THE PROBLEM >> Print exactly the first lines of the records. Stop after the line containing "MEMANFAATKAN LIBUR: Pengunjung", and leave every picture out.

═══ SUPPLIED MATERIAL

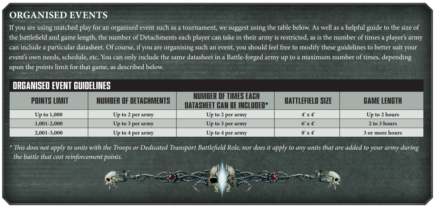 Most matched play missions (and all competitive events) require you to field a Battleforged army. In its simplest terms this requires two things:
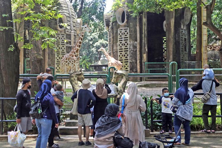 MEMANFAATKAN LIBUR: Pengunjung berwisata di Taman Margasatwa Ragunan, Jakarta, kemarin. Tempat wisata di Jakarta ramai dikunjungi warga saat libur Hari Raya Nyepi Tahun Baru Saka 1944. (SALMAN TOYIBI/JAWA POS)
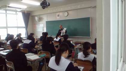 毎回、授業の最初に新聞を使ってのお話があります。自分だけのことだけでなく、身の回り、社会に目を向けることが大切ですね。
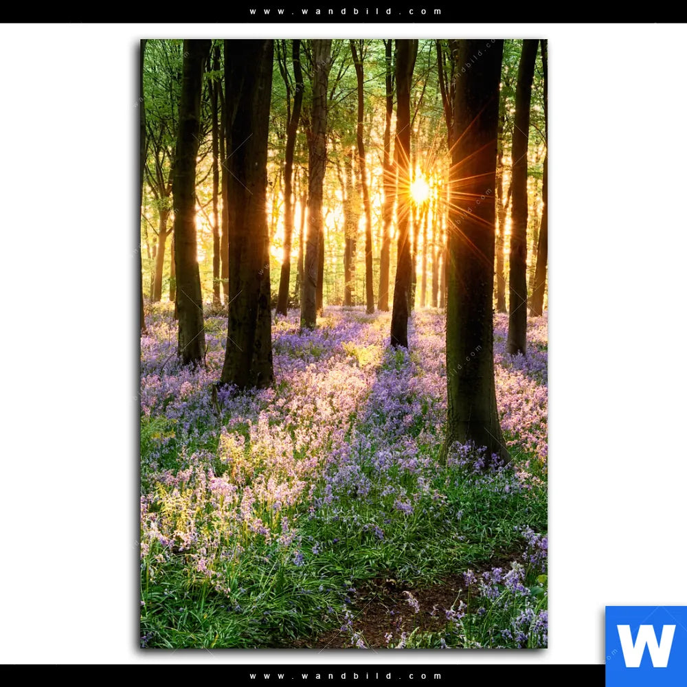 Alu-Dibond Bild | Blühender Wald bei Sonnenaufgang | Hochformat
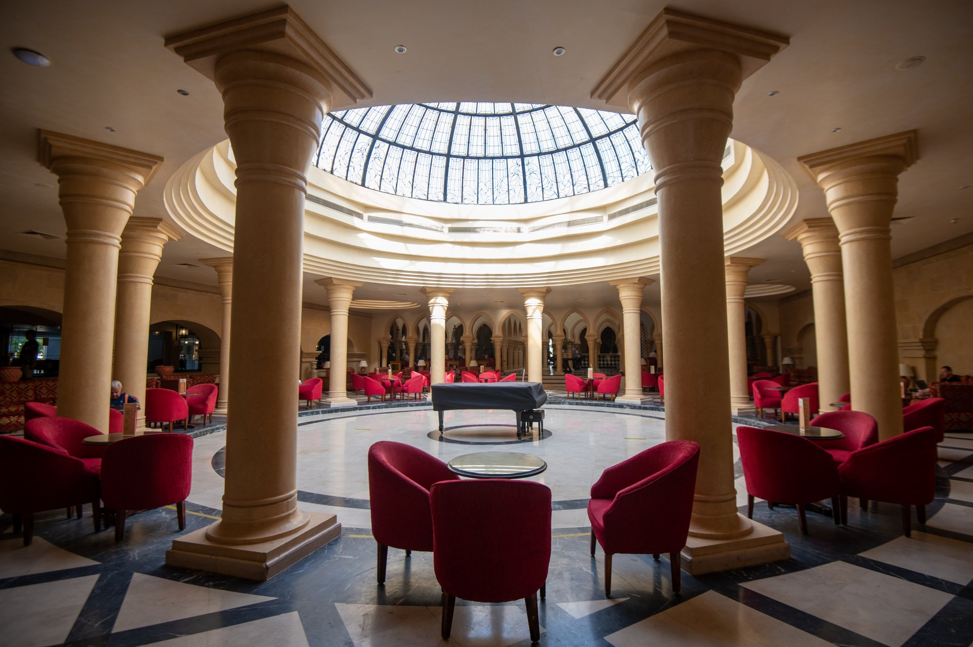 A mór stílusú szálloda 828 szobával rendelkezik és testvérszállodájától, a The Grand Hotel Hurghadától csak egy sétány választja el. A szomszédos Grand Mall-ban számos étterem, kávéház, üzlet és szórakozási lehetőség várja az idelátogató vendégeket. A The Grand Hotel kb. 150 méterre lévő strandja a The Grand Resort vendégei számára is használható. A szálloda széleskörű felújításon esett át az elmúlt években, megújultak többek között az éttermek, közösségi terek, medencék. Az ízlésesen kialakított lobbyban recepció és éjjel-nappal nyitva tartó lobby bár áll a vendégek rendelkezésére. A létesítmény 2 fő-, 3 á la carte- és a Grand Mallban több étteremmel rendelkezik, emellett számos bár is igénybe vehető. A stílusos édesvízi medencénél 2 snack bár, 1 medence étterem, valamint az élőzenés PERGOLA várja a vendégeket. A szállodában konferenciaterem is található. Vízivilága 3 nagy édesvízi medencéből és 2 gyerekmedencéből áll, amiből télen az egyik felnőtt és az egyik gyerekmedence fűthető. A medencénél és a strandon (The Grand Hotel) a napágyak, napernyők és matracok térítésmentesen vehetőek igénybe. A strandtörölközőket strandtáskában már előre bekészítik a szobákba. A The Grand Hotel partján található csúszda térítésmentesen vehető igénybe a vendégek számára. Grand Mallban különböző showműsorok, éttermek, bárok, internet- és biliárd, kávézó, valamint mini piac áll még a vendégek rendelkezésére (minden szolgáltatás térítés ellenében).

══════

RESULT BELOW >>
 Most matched play missions (and all competitive events) require you to field a Battleforged army. In its simplest terms this requires two things:
 MEMANFAATKAN LIBUR: Pengunjung berwisata di Taman Margasatwa Ragunan, Jakarta, kemarin. Tempat wisata di Jakarta ramai dikunjungi warga saat libur Hari Raya Nyepi Tahun Baru Saka 1944. (SALMAN TOYIBI/JAWA POS)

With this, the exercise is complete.